Find the shortest distance from $P$ to $f(x)$.
Progress
Considering the above as an optimization problem, I decided to proceed as follows:
$$d^2=\left(y-k\right)^2+\left(x-h\right)^2$$ $$d^2=\left(A\,x^2+C\right)^2+x^2$$ $$d^2=A^2\,x^4+2\,A\,C\,x^2+x^2+C^2$$ $$\frac{\partial{d^2}}{\partial{x}}=4\,A^2\,x^3+4\,A\,C\,x+2\,x = 0$$ $$\left\{x=\pm{{\sqrt{-2\,A\,C-1}}\over{\sqrt{2}\,A}} , x=0 \right\}$$
Even though inappropriate, partial derivative writing was preferred over usual syntax to avoid symbolic confusion; hopefully it's clear why, without degrading the expression's meaning.
Now, for each of the solutions for when derivative is equal to zero:
$$\left\{d^2=\left({{-2\,A\,C-1}\over{2\,A}}+C\right)^2+{{-2\,A\,C-1 }\over{2\,A^2}} , d^2=C^2 \right\} $$ $$\left\{d^2=-{{4\,A\,C+1}\over{4\,A^2}} , d^2=C^2 \right\} $$ $$\left\{\left| d\right| ={{\sqrt{-4\,A\,C-1}}\over{2\,\left| A \right| }} , \left| d\right| =\left| C\right| \right\} $$
And so, I end up with two solutions, respectively $(1)$ and $(2)$.
The Issue
Attempting to use the above formulas succeed in predicting the extremum values for $d$ for many values, like...
But then...
What might be going on? Is there something wrong?

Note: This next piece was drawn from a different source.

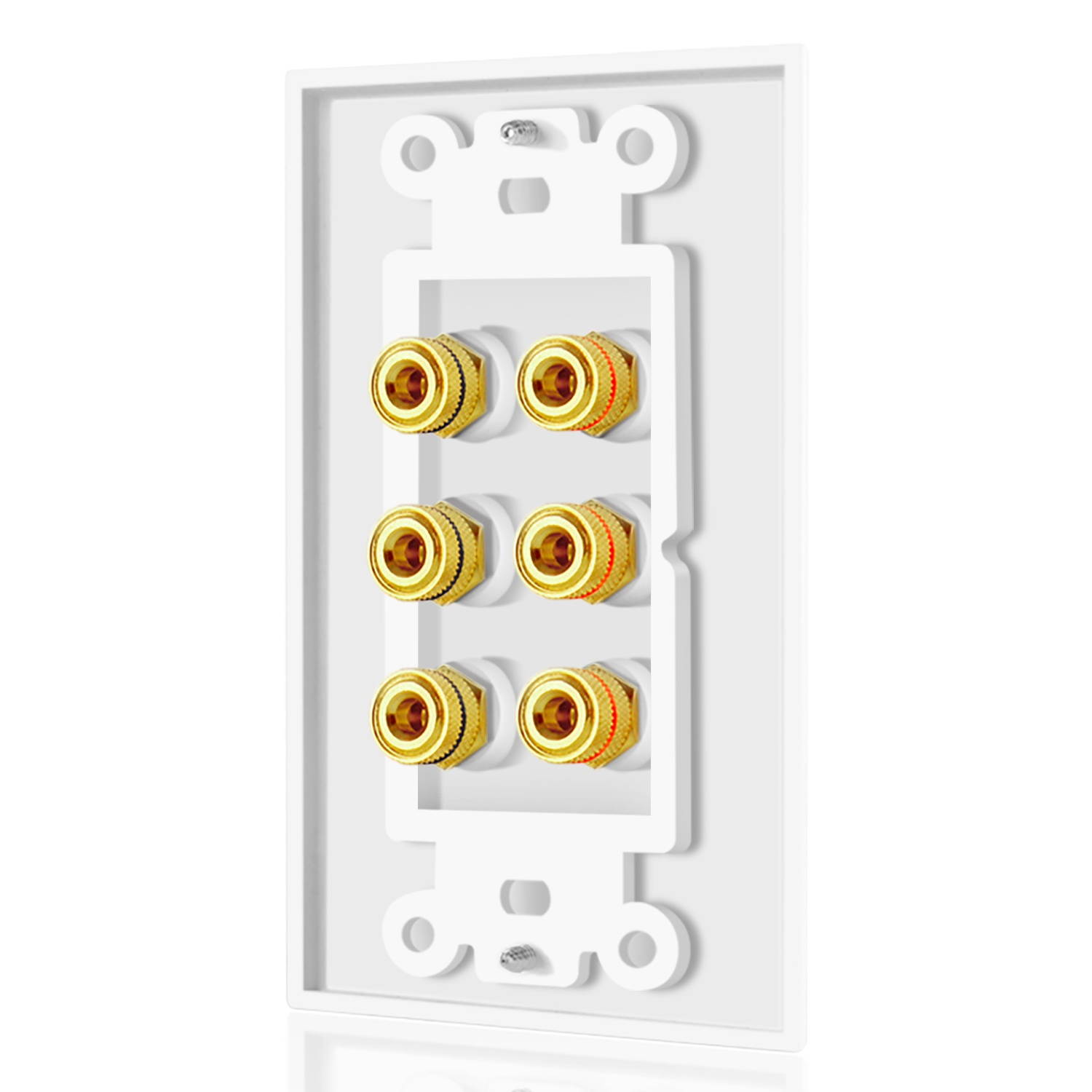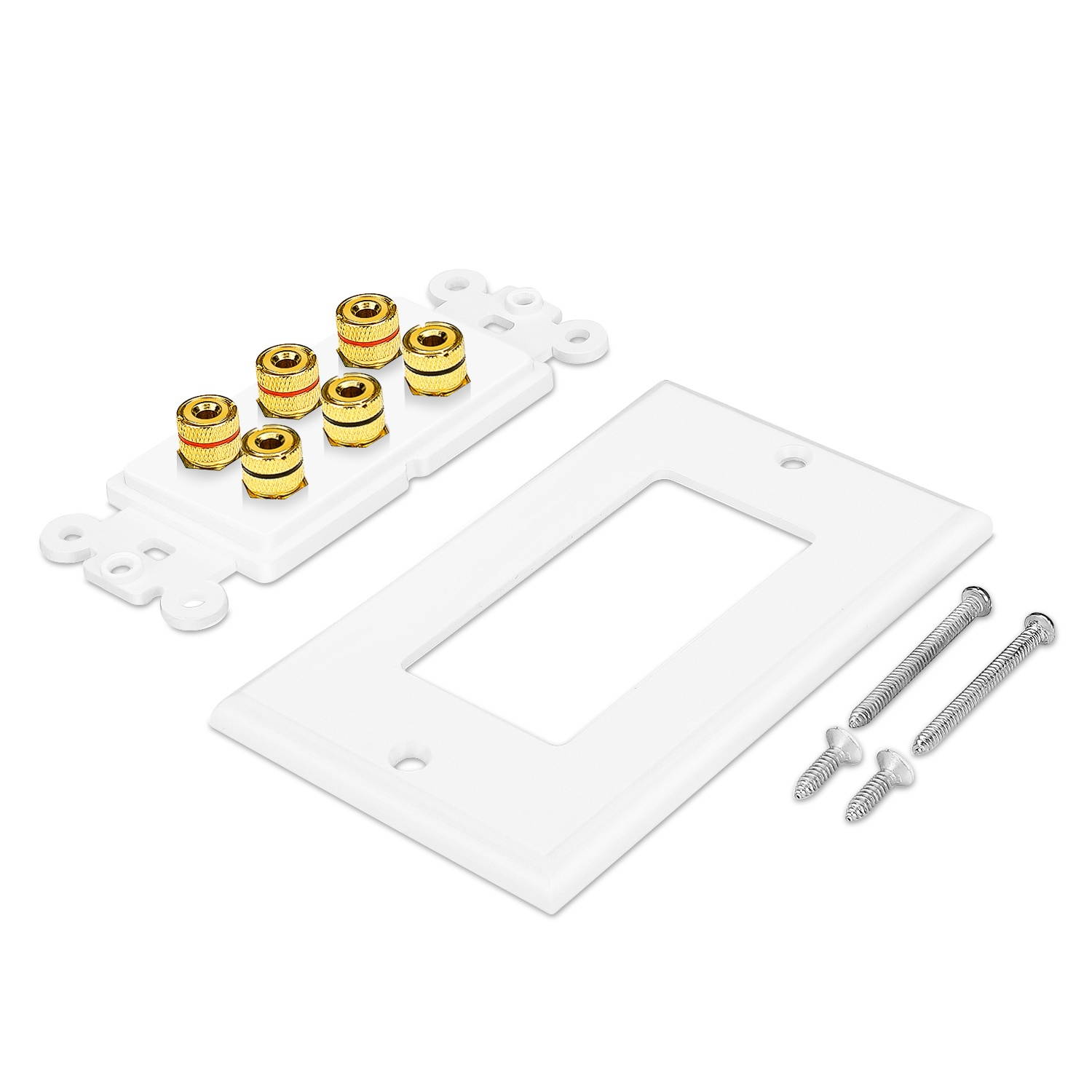 Cut down on cable clutter and make the back of your home theater system / media room environment as attractive as the front with this premium speaker wall plate. This home theater wall plate is an excellent accessory that allows for connections of up to 3 Speakers and is made out of high quality corrosion resistant 24K gold plated brass connectors. Lets you keep your cables organized out of sight and behind the wall. Don't just run your cables through a hole in the wall - give it a professional look with this Decora-style wall plate. It's easy to install and remove. Each wall plate includes all the screws you need to mount and eliminate the mess of wires strung along your baseboards. It contributes to a neat, finished installation. Clear labeling also simplifies room set up and configuration. It's designed to be used with banana plugs, spades or just bare wire and works with 5.1 7.1 7.2 channel speaker systems.

Is this expected?
From my point of view, the blue circle should either not exist at all (division by zero), or at least be the same size as the red circle, since blue circle (more precisely, its radius) isn't contributing any useful/true information towards solving the problem stated under these specific values, failing at its basic purpose.
Blue circle obeys $(1)$, while red circle obeys $(2)$.
The first $x$ solution only exist in $\mathbb{R}$ if: $$ 2AC+1<0 $$ $$ AC<-\frac{1}{2} $$
If both solutions exist, you get the minimum of $d^2$ for the first solution, and you can probably prove that for $x=0$ you have a saddle point or local maxima.
If the first one doesn't exist according to the condition, you get a minima at $x=0$.
You always have to find the type of extrema for each value of $x$.